→ What you are asked to do
Return the lines beginning at the one that contains "Kepala SMPN 43" and running to the end of the records, exactly and with nothing else. Omit pictures.

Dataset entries
>>

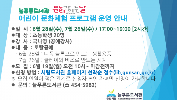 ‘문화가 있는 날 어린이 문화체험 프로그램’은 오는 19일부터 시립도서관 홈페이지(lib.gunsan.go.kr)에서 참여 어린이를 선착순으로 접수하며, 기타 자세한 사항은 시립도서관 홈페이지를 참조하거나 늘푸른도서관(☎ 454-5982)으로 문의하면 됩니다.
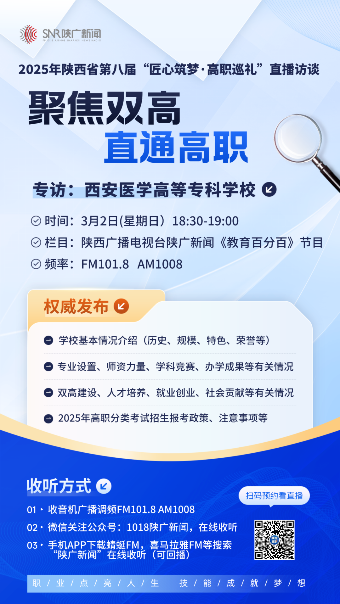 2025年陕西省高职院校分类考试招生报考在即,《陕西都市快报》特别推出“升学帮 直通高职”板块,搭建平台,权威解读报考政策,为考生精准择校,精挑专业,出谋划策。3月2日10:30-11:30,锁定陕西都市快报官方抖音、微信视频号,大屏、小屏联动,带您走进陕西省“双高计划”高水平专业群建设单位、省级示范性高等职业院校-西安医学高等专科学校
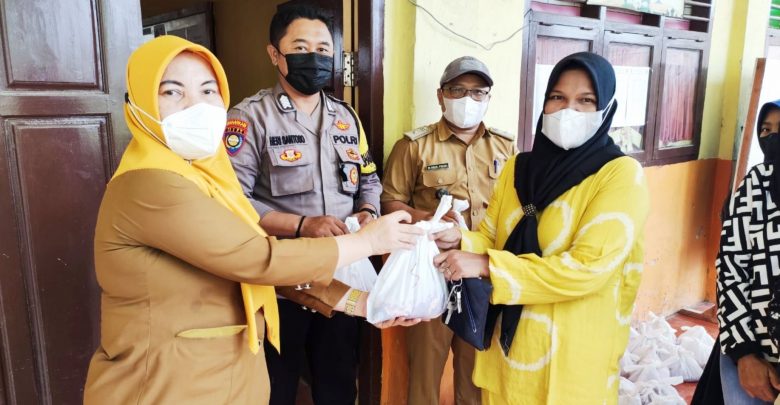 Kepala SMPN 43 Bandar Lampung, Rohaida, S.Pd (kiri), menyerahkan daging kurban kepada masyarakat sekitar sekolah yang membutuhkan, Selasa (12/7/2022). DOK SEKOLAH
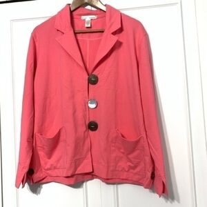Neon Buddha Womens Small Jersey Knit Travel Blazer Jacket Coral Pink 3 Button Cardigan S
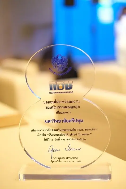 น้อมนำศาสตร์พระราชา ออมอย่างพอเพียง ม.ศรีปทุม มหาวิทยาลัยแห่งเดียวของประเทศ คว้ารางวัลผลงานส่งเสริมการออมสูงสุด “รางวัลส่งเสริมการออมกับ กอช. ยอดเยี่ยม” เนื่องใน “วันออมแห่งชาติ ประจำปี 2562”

<<

→ Exercise solution
 Kepala SMPN 43 Bandar Lampung, Rohaida, S.Pd (kiri), menyerahkan daging kurban kepada masyarakat sekitar sekolah yang membutuhkan, Selasa (12/7/2022). DOK SEKOLAH
Neon Buddha Womens Small Jersey Knit Travel Blazer Jacket Coral Pink 3 Button Cardigan S
 น้อมนำศาสตร์พระราชา ออมอย่างพอเพียง ม.ศรีปทุม มหาวิทยาลัยแห่งเดียวของประเทศ คว้ารางวัลผลงานส่งเสริมการออมสูงสุด “รางวัลส่งเสริมการออมกับ กอช. ยอดเยี่ยม” เนื่องใน “วันออมแห่งชาติ ประจำปี 2562”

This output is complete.